## TASK OBJECTIVE
Leave the pictures in the listing below aside and reproduce exactly the lines starting with the one with "La listère à feuilles ovales" and going on through the one with "English Reading House Club", both ends included.

==== DATA SUPPLIED

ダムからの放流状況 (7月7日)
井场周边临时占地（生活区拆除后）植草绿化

========
==== DATA SUPPLIED

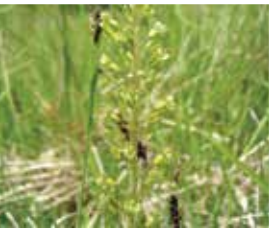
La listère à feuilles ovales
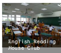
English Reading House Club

========
==== DATA SUPPLIED

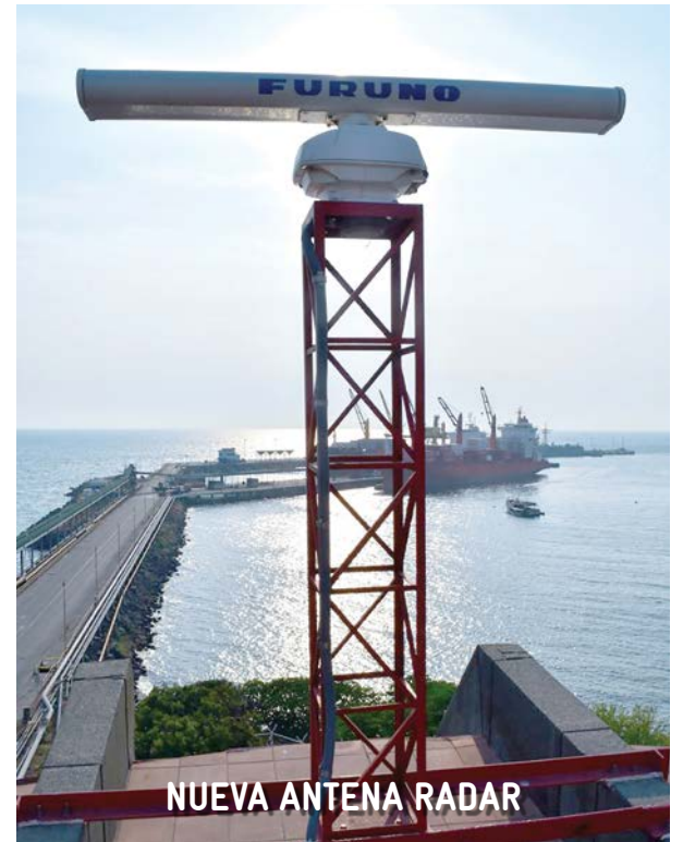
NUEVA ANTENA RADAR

========

## SOLUTION TO THIS EXERCISE
La listère à feuilles ovales
English Reading House Club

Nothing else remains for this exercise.